In just about any other context where negotiations take place, either party is free to suspend or break off talks permanently. Even in private-sector labor relations under the National Labor Relations Act, lockouts and strikes are allowed when a bargaining impasse is reached. Once it becomes clear that further negotiation is likely to be fruitless, the rational action is usually to walk away. True bargaining is based on a “win-win or no deal” mindset, in which neither side is expected to agree to terms that do not advance its own interests. PERA is unique in that it presumes that bargaining will ultimately result in an agreement. In the case of police and fire bargaining, state law even provides that an arbitrator write an agreement if elected officials and unions are unable to reach one on their own.
Given the volume and severity of the problems we have identified with PERA, the Legislature might be better advised to scrap the law altogether. The question then would be what to put in its place.
One possibility would be to eliminate the bargaining mandate and instead allow collective bargaining to continue at the discretion of local governments. Local officials would be free to use the bargaining process to ensure that government employees have input on their wages and working conditions, but would not be required to do so.

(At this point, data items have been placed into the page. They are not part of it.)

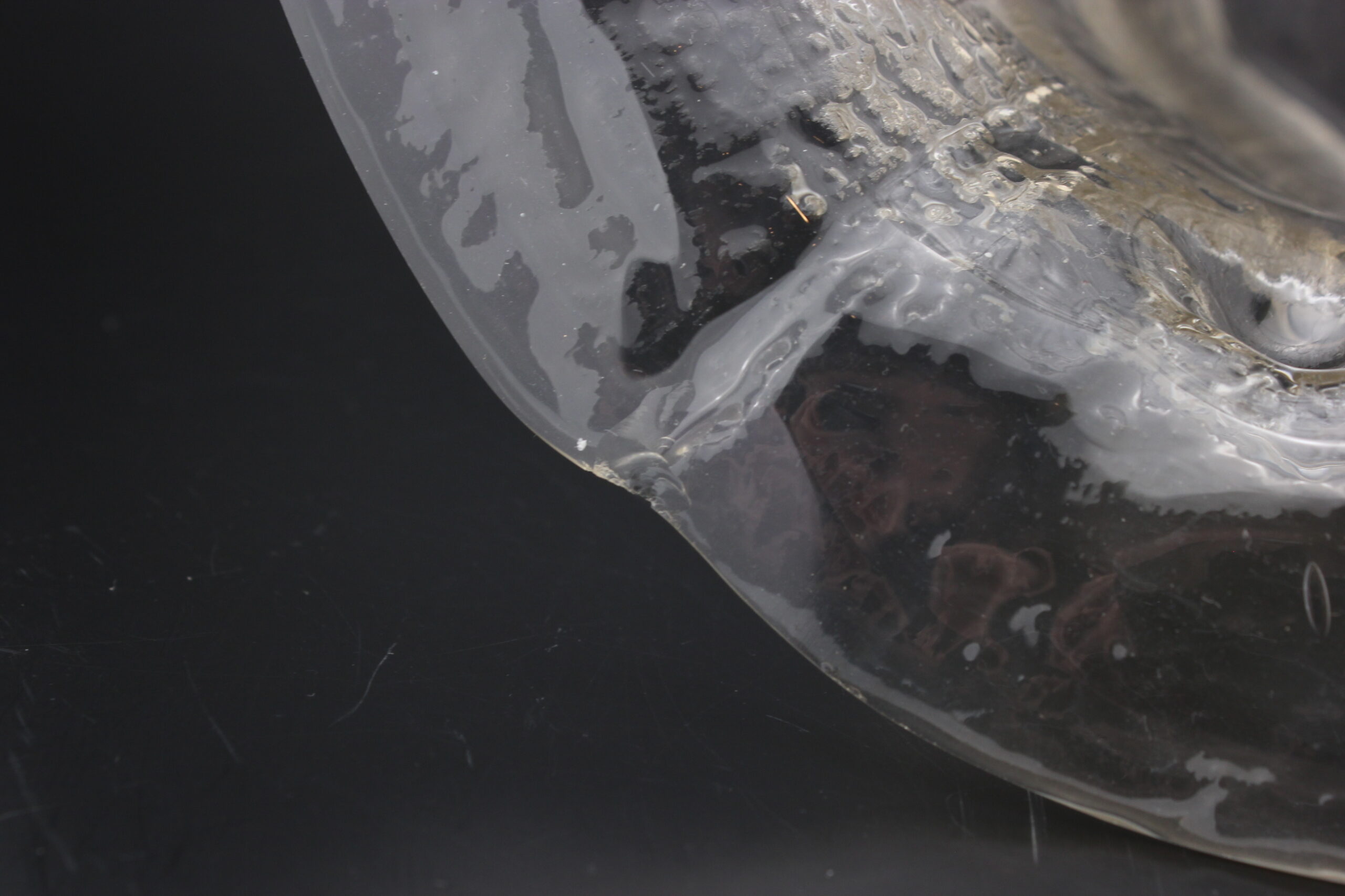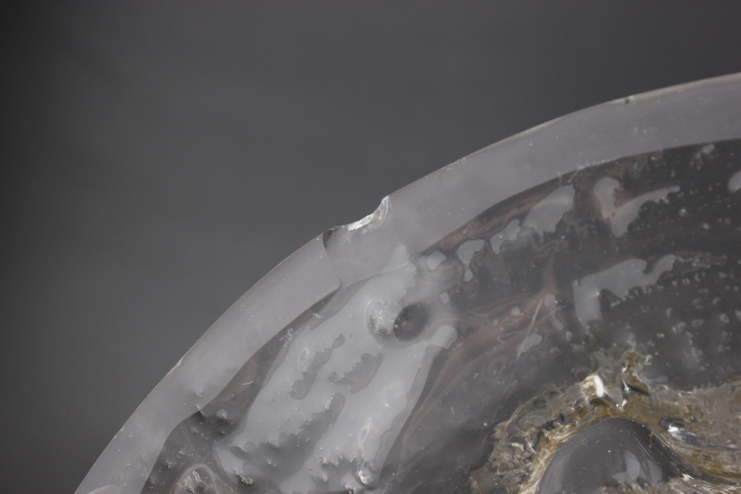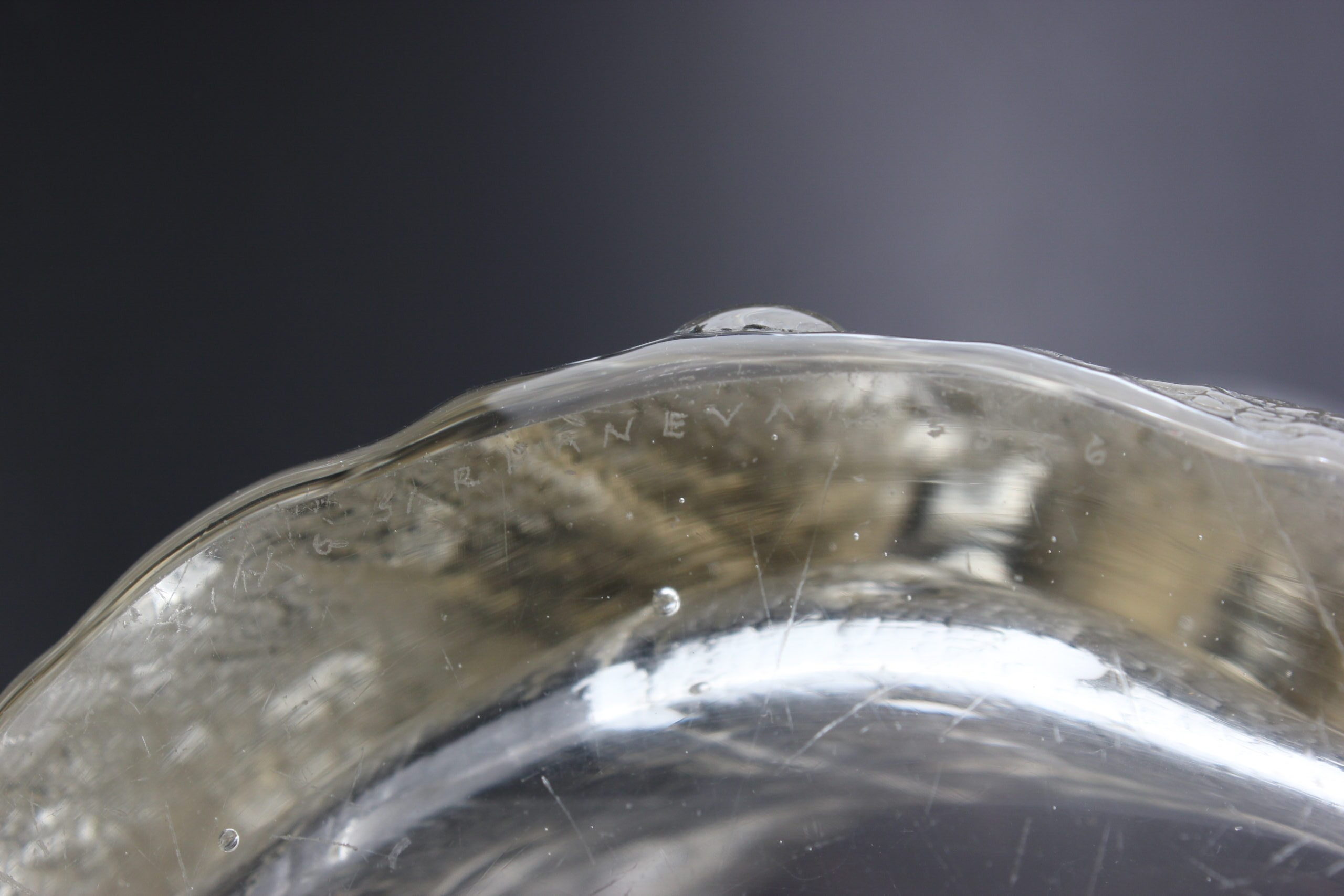 Kunto: yläreunassa useita lohkeamia, pohjassa kulumaa, käytön jälkiä, pohjassa naarmuja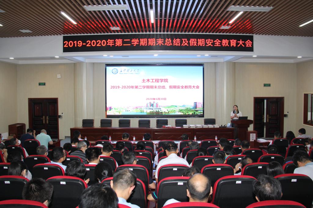 6月30日,土木学院在工科二号楼学术报告厅召开了2019-2020学年第二学期期末总结暨假期安全教育大会。全体院领导及教职工参加会议,院党委副书记丁丹主持大会。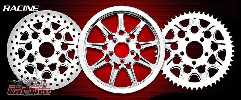 The Racine looks amazing on just about any bike with its dramatic 9 milled spoke design. Delivered in 16" to 32" sizing and now our new Front Wide Tire sizes of 18, 21 & 23 x 5.5 these wheels are the finnishing toluch on your custom build. Direct bolt on, with matching floating brake rotors in 11.5, 11.8, 13, & 18 inch sizes. Matching air cleaner, pulley or sprocket also available.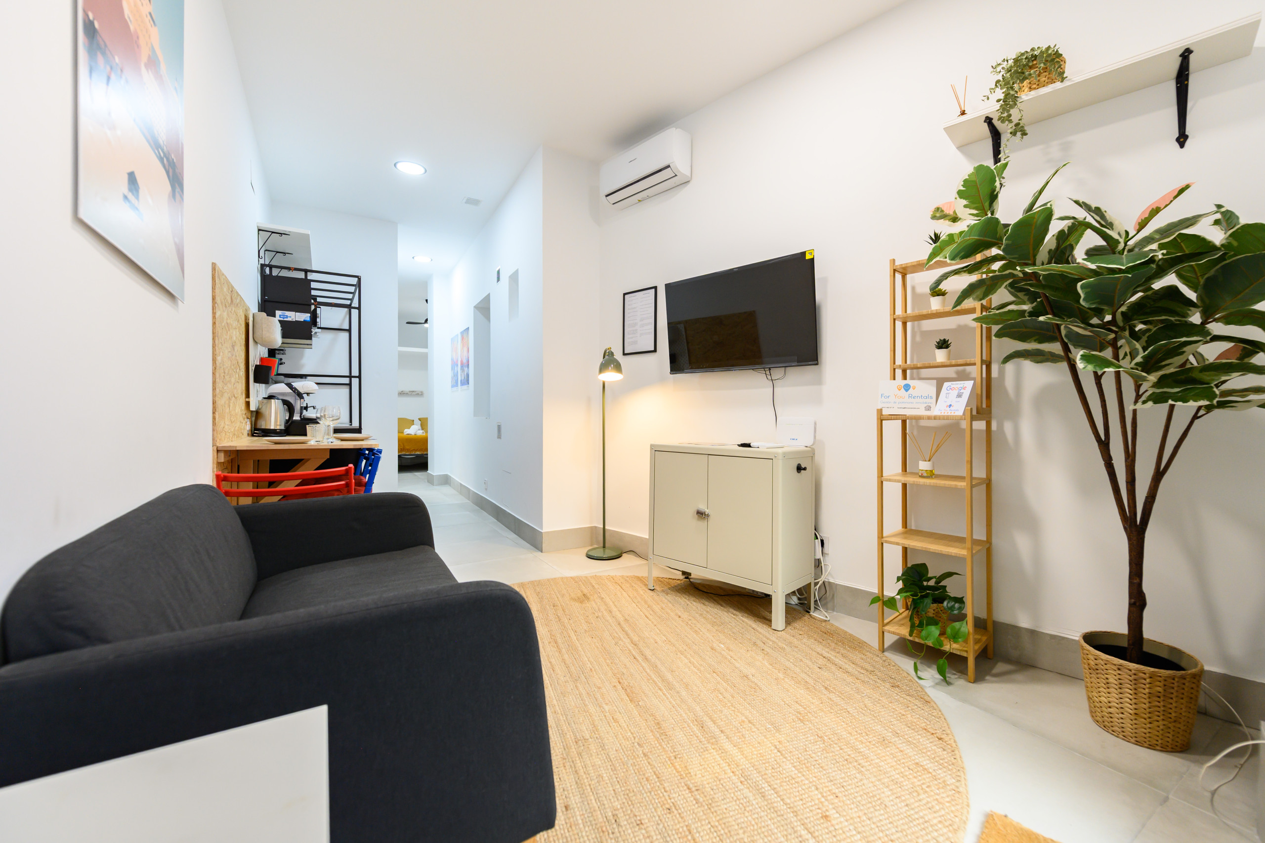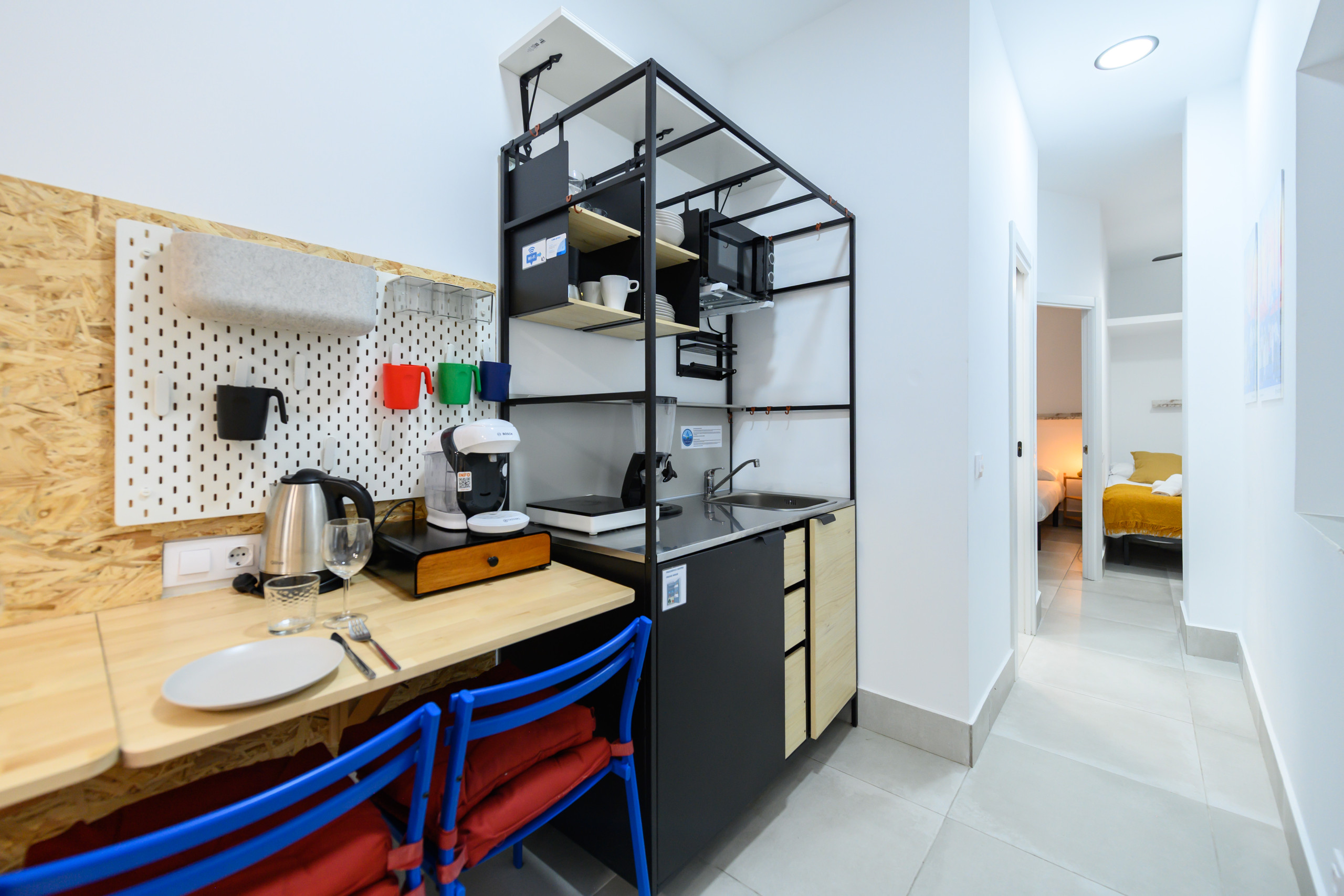 The kitchen is fully integrated and equipped with everything you need to cook your own meals during your stay, from utensils to appliances. Moreover, the apartment has small details that will make you enjoy an unbeatable stay, such as warm and cosy lighting and everything you need to relax and enjoy your free time.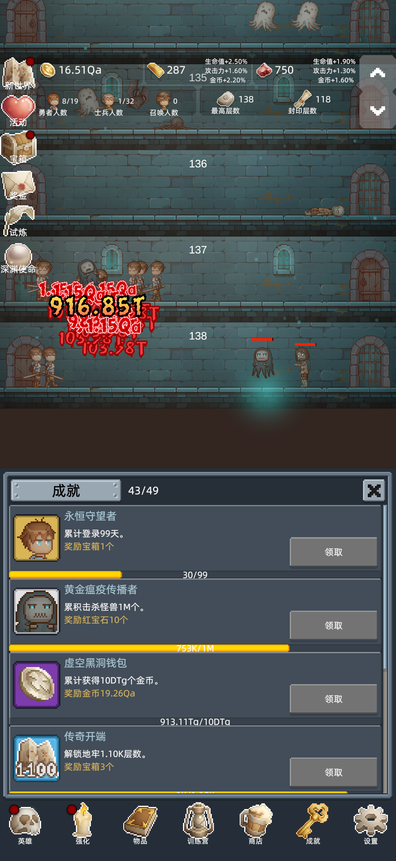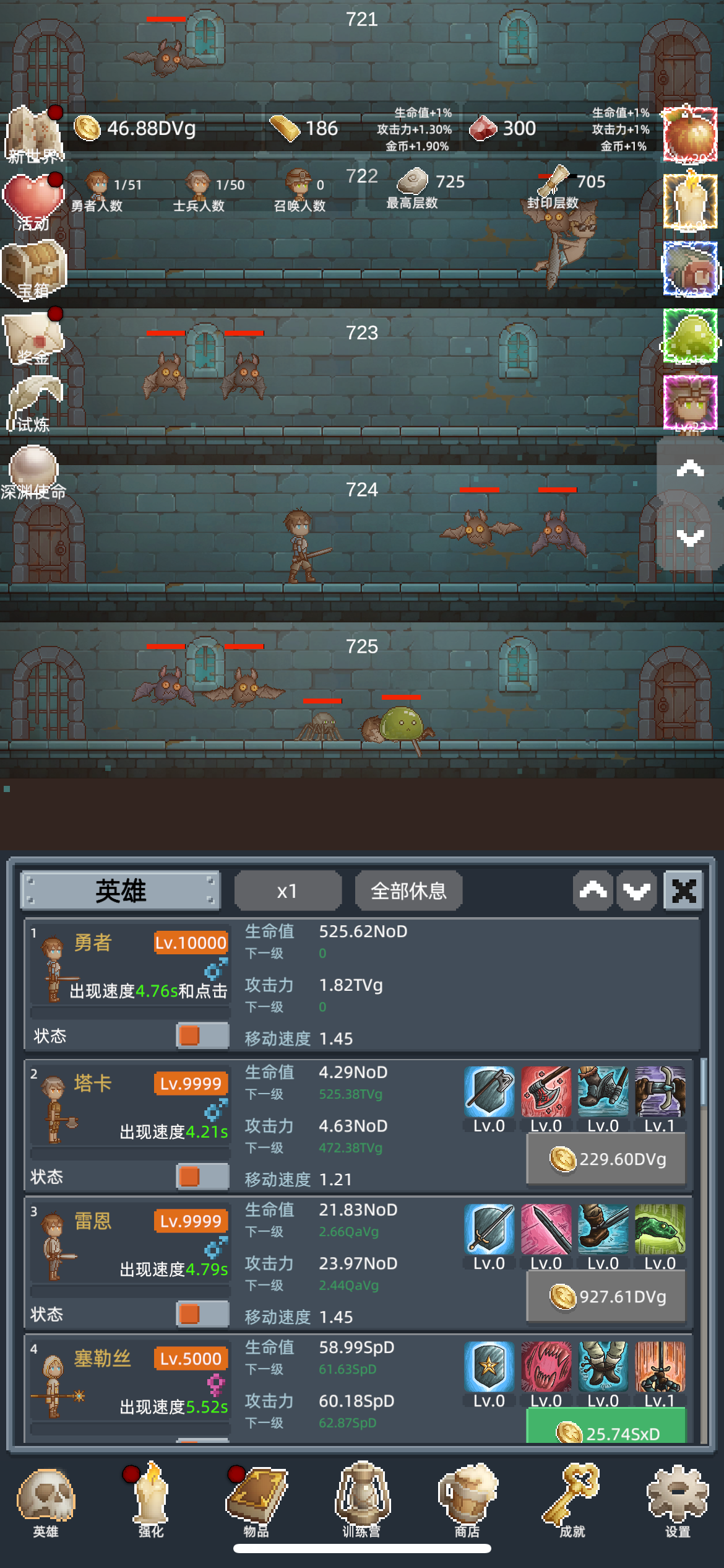 核心原则:拒绝熬关,短平快转生 新手最容易踩的坑就是死磕关卡,其实游戏核心玩法是“转生叠buff”:每轮转生控制在30-55分钟,比硬磨105关效率高10倍 。前3转不用追求高层数,100-105关攒够10T金币就直接转生,重点拿“勇者恩赐”的永久属性加成,越转战力越猛。
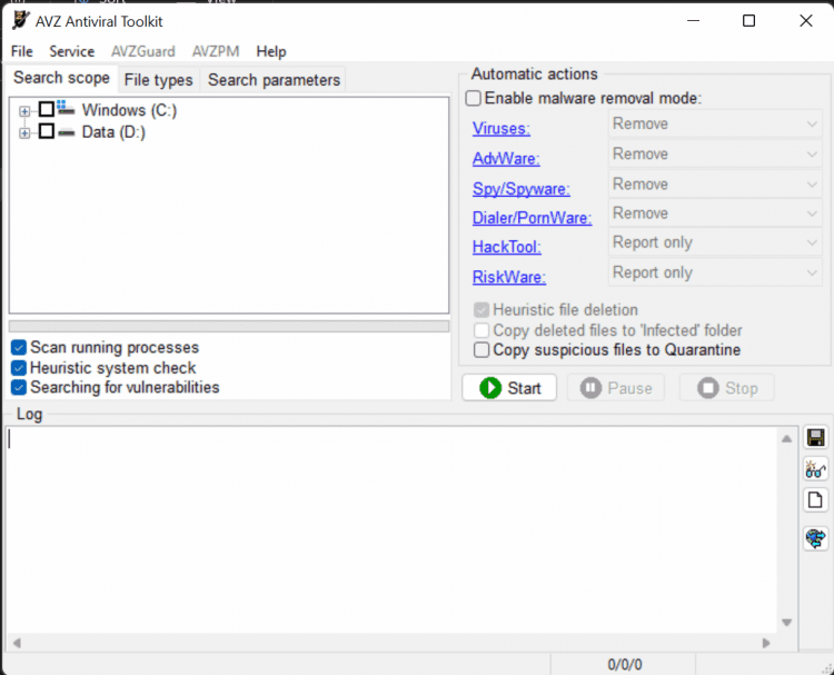 Особенностями утилиты AVZ (помимо типового сигнатурного сканера) является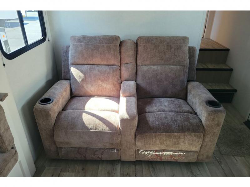 If you enjoy camping with a larger group, this fifth wheel is perfect for you! The rear bunkhouse includes double-size bunks, bunk storage and a wardrobe to keep this space tidy. You'll have the front private bedroom all to yourselves with a queen bed, and if you have any other guests, they can sleep on the tri-fold sofa and U-shaped dinette in the main living area. This space is also shared with the full kitchen, complete with a microwave and range, 12V refrigerator, and plenty of overhead cabinets for storage. After dinner, head outdoors to enjoy the 19' power awning with LED lights as you relax in your camp chairs!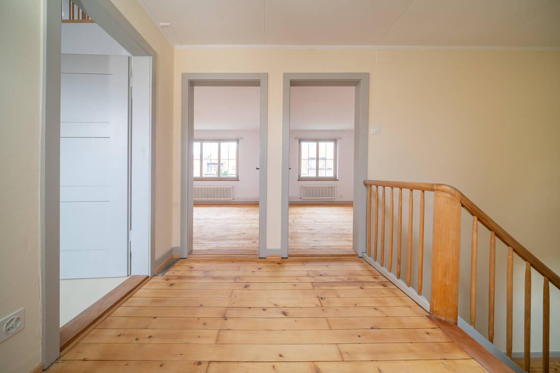 Das HGW-Team auf Ortsbesuch im Grabenacker: In einem der sanierten Häuser gibt das Grabenacker-Projektteam Einblicke in den Planungsprozess, die baulichen Herausforderungen, die Baumaterialien und die nächsten Schritte.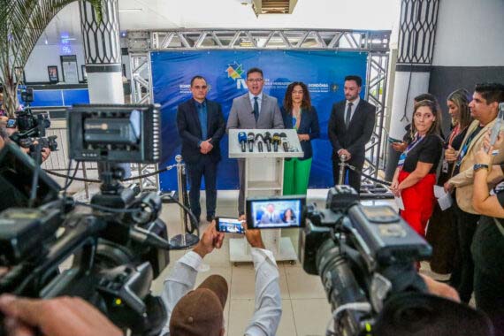 Na abertura da solenidade, o governador de Rondônia, Marcos Rocha participou de coletiva de imprensa e destacou que, o Fórum foi proposto pelo Governo de Rondônia com foco nos avanços no desenvolvimento do Estado e no bem-estar social, e que o evento, a cada edição, tem impulsionado o Estado a alcançar resultados exitosos, que beneficiam a população.

Harmonious relations between government and its workforce, and the cultivation of a workforce that has a high level of morale, are important goals, and it is conceivable that bargaining could serve to advance those goals. But the interests of the government workforce are not paramount; when employee interests conflict with those of the public, the public interest must ultimately trump. In allowing local officials the discretion to engage in collective bargaining, the Legislature should create checks and balances to prevent the sorts of abuses we have seen under the current PERA. Specifically, there are three limitations that the Legislature can and should place on collective bargaining in the public sector if legislators end PERA’s requirement that local governments engage in collective bargaining whenever a local public employees union is certified.
First, in order to protect the rights of taxpayers and local government employees, the practice of granting government employee unions an agency-fee clause should end. Agency-fee clauses have the effect of turning millions of dollars over to the unions with little oversight of how that money is spent. Because the union contracts directly with the government for these dues and fees, rather than allowing individuals to settle on an appropriate fee, it is not unrealistic to view union dues as coming from taxpayers rather than employees. It is widely known that a large portion of government employee union budgets is directed toward partisan politics and lobbying, an unacceptable use of what are essentially public funds. The funding of a government employee lobby is a matter for government employees themselves. The inclusion of an open government employment provision, prohibiting agency fees and allowing individual workers to decide whether to support a union, is an absolute necessity.
Second, the state should protect the rights of workers to choose their own representatives. At a minimum, this would mean that unions should not be recognized without a secret-ballot election of the workers. “Card check,” in which a union is recognized as the collective bargaining representative when it simply collects signatures from a majority of employees in a bargaining unit, is an unreliable method for measuring worker support and is vulnerable to abuse.[50] Workers’ right to remove a union that has lost majority support should remain as well.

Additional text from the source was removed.